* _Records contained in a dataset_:

'''

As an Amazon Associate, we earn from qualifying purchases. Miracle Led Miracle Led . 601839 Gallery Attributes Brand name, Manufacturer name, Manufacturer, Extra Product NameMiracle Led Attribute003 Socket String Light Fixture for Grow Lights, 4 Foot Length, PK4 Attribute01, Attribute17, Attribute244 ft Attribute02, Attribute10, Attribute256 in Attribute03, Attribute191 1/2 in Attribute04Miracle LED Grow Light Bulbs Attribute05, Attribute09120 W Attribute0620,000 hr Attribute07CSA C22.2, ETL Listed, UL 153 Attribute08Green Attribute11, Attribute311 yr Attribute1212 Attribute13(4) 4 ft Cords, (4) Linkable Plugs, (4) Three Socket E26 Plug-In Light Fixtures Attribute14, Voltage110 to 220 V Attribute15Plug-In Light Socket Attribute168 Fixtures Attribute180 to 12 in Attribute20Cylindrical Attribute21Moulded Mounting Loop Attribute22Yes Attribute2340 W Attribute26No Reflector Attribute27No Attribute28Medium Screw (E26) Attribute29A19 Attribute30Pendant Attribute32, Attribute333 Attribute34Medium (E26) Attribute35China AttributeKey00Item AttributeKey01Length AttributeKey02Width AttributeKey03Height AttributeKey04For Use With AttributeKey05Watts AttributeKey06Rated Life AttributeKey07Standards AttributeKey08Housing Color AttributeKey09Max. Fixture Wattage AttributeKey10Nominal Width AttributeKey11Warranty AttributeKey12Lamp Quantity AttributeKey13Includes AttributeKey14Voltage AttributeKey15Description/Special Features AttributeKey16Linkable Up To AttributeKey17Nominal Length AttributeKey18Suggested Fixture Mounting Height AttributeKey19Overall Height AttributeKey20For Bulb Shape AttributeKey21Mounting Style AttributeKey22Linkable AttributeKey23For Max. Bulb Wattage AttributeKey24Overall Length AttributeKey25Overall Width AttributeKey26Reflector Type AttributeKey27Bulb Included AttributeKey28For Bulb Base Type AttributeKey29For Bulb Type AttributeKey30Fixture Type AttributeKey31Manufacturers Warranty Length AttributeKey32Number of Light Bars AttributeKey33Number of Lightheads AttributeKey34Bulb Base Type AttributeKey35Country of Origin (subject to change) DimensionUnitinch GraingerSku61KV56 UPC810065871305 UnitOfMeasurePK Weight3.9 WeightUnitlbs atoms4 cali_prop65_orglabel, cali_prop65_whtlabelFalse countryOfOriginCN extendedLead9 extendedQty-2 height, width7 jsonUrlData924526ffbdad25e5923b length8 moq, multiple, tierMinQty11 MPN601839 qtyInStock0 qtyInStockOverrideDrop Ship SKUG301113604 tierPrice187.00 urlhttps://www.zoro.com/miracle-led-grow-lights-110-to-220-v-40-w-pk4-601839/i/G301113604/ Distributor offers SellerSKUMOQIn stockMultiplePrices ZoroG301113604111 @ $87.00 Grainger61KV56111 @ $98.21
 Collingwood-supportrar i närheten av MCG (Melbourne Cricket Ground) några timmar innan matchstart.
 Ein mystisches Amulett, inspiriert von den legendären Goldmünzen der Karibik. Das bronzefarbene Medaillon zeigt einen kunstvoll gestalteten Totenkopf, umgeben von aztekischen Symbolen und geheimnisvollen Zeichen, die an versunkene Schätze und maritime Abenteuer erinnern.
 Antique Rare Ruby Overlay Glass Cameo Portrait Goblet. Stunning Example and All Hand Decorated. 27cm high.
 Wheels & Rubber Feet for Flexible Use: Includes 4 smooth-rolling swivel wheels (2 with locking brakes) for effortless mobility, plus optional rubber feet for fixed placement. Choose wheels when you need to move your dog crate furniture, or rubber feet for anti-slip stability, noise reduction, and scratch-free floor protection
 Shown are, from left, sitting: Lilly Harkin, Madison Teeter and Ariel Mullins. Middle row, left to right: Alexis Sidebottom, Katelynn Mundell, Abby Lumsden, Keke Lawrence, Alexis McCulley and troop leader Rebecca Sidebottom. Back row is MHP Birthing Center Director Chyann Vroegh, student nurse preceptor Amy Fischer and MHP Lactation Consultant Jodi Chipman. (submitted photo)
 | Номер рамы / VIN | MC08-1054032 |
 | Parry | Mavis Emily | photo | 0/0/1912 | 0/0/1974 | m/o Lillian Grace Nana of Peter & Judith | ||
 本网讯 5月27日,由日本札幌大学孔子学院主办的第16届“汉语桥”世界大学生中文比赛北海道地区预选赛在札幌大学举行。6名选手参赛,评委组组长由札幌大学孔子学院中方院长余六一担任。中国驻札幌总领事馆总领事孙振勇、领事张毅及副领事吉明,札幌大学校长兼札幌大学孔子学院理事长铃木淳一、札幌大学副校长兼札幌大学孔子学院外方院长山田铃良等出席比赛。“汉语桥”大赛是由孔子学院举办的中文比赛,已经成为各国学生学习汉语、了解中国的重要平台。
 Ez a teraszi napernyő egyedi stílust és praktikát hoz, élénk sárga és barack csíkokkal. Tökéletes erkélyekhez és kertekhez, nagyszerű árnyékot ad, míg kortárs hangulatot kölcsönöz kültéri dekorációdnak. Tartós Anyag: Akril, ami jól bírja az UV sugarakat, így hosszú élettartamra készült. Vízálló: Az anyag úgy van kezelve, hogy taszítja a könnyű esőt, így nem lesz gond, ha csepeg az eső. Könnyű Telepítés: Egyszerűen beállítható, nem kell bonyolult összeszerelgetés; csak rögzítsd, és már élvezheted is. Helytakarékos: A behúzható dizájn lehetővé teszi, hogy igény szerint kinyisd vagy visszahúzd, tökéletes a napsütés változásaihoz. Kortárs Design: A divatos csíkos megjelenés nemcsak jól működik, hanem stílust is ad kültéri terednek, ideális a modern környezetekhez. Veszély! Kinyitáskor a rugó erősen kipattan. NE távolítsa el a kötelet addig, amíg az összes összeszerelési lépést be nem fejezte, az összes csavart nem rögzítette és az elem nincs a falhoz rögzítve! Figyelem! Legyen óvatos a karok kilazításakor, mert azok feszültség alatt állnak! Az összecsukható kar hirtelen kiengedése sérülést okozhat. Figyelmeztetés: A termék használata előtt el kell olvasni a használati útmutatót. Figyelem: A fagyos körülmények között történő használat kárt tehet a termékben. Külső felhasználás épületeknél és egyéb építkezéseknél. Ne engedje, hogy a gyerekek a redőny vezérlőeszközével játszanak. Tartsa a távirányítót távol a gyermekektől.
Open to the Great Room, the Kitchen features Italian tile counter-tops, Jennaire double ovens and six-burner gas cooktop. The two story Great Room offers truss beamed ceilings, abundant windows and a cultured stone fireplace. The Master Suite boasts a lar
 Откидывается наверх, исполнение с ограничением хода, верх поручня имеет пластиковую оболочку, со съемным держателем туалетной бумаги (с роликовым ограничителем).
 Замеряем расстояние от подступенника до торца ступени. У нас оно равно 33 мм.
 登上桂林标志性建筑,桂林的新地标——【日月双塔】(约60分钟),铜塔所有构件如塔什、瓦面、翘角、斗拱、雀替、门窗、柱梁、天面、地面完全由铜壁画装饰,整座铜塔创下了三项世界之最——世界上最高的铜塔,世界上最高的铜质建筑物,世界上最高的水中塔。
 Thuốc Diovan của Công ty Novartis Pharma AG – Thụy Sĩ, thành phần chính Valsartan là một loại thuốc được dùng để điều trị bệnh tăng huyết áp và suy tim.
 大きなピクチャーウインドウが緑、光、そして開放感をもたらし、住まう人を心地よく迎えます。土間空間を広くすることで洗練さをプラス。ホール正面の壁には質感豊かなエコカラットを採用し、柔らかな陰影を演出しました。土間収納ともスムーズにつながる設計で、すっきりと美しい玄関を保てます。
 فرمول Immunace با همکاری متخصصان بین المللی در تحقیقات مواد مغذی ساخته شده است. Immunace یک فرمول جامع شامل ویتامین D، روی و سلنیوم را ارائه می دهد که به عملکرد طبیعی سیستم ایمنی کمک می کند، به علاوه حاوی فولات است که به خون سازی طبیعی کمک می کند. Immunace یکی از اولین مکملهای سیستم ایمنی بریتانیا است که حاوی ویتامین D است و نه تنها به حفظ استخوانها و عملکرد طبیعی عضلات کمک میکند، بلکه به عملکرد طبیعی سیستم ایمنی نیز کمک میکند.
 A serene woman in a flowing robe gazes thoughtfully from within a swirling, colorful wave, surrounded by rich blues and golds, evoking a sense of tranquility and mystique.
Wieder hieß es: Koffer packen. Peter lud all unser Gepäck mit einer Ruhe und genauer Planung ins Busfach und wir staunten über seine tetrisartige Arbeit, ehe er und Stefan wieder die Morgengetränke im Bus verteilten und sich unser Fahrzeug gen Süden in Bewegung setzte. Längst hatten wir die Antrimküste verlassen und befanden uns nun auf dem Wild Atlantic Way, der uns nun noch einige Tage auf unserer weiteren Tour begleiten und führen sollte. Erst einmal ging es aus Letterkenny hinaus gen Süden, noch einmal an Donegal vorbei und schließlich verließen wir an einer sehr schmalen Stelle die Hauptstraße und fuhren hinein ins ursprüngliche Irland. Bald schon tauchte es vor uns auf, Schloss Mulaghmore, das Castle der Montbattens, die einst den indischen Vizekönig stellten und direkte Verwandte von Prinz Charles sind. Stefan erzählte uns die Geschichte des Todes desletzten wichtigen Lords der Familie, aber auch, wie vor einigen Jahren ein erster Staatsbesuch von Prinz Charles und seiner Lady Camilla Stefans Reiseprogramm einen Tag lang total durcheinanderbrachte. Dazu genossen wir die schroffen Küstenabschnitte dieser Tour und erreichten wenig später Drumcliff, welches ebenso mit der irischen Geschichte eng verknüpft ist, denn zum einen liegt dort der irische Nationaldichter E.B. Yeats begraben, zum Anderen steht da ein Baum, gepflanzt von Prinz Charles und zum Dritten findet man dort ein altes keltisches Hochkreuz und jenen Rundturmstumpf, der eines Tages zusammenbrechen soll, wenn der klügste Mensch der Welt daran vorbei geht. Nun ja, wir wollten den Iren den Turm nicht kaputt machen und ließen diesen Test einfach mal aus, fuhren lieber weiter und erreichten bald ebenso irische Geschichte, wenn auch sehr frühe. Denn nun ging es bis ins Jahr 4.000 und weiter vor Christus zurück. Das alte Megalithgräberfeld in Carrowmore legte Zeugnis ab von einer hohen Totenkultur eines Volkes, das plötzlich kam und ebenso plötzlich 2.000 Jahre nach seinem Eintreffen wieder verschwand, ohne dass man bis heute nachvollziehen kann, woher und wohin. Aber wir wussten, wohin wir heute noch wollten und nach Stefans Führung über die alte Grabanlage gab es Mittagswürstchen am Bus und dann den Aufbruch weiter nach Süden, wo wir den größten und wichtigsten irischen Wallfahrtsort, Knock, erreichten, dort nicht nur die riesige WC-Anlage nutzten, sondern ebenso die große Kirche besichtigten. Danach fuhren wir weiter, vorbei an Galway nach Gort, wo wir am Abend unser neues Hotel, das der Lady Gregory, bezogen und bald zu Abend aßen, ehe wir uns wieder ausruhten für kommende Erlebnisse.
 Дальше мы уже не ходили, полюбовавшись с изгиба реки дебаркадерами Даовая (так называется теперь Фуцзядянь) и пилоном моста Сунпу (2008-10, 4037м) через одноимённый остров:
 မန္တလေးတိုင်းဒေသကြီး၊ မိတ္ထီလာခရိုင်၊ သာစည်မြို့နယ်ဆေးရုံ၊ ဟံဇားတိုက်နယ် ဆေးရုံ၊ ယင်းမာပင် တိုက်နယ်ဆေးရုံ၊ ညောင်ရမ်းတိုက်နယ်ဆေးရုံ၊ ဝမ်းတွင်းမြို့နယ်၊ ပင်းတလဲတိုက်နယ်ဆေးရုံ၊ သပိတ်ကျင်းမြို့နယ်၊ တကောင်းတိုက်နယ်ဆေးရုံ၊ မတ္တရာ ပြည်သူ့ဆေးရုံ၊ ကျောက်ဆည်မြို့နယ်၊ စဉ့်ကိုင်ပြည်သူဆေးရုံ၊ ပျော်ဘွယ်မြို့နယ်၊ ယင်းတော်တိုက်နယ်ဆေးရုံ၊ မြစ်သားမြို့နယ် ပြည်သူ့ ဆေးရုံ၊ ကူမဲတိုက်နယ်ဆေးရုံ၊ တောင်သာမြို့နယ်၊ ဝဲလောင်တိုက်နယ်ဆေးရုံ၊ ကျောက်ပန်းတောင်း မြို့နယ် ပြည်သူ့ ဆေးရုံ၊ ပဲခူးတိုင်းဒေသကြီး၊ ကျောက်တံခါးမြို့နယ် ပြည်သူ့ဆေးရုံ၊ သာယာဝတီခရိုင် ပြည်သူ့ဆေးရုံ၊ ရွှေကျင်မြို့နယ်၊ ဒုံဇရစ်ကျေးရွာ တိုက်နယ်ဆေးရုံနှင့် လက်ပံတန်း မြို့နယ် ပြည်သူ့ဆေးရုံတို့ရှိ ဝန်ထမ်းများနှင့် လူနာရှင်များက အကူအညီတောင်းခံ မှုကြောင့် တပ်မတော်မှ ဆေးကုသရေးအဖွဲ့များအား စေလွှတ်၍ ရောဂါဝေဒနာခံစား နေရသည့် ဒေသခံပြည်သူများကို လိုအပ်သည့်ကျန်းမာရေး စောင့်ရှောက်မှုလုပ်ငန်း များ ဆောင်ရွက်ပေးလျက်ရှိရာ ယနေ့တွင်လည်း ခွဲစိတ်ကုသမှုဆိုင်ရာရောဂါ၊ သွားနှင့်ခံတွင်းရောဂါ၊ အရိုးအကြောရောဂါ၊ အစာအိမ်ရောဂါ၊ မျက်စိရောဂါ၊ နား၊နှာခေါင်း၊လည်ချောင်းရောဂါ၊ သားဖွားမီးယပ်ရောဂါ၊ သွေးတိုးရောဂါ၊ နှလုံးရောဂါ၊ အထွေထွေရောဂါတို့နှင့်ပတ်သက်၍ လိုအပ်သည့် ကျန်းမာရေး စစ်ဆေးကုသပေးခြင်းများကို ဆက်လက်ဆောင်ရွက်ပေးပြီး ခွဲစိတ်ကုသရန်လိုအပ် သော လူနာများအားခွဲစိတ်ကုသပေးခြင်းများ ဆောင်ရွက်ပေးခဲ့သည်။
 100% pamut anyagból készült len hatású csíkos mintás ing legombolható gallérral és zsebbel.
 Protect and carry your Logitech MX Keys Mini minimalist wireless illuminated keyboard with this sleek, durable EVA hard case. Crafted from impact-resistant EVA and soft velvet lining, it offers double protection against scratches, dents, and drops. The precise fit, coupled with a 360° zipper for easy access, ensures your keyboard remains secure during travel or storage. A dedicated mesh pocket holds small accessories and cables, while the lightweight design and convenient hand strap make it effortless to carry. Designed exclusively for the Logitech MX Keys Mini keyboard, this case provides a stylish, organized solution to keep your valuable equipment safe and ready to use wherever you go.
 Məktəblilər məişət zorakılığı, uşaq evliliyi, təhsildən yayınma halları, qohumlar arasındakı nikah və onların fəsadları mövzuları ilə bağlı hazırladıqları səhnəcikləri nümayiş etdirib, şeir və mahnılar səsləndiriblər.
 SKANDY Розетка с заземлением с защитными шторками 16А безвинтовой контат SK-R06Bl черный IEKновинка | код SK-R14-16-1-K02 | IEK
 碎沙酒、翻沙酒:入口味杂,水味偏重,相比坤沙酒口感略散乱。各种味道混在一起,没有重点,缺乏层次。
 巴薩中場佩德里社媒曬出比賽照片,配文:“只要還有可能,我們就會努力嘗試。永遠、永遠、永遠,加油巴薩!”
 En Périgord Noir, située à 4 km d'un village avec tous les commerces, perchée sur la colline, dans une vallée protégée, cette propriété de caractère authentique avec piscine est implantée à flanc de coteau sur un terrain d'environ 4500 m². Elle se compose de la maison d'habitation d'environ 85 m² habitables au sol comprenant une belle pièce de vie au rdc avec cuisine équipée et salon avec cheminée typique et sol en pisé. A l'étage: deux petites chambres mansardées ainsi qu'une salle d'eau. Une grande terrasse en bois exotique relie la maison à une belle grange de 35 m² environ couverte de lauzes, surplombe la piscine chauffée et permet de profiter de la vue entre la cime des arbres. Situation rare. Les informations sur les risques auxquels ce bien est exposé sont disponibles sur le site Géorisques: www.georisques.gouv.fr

'''

* _Problem requirements_: Would you output, from the records above, exactly the run of lines that starts at the line containing "Thuốc Diovan của" and ends at the line containing "大きなピクチャーウインドウが", and only that run?

* _Output below_:
 Thuốc Diovan của Công ty Novartis Pharma AG – Thụy Sĩ, thành phần chính Valsartan là một loại thuốc được dùng để điều trị bệnh tăng huyết áp và suy tim.
 大きなピクチャーウインドウが緑、光、そして開放感をもたらし、住まう人を心地よく迎えます。土間空間を広くすることで洗練さをプラス。ホール正面の壁には質感豊かなエコカラットを採用し、柔らかな陰影を演出しました。土間収納ともスムーズにつながる設計で、すっきりと美しい玄関を保てます。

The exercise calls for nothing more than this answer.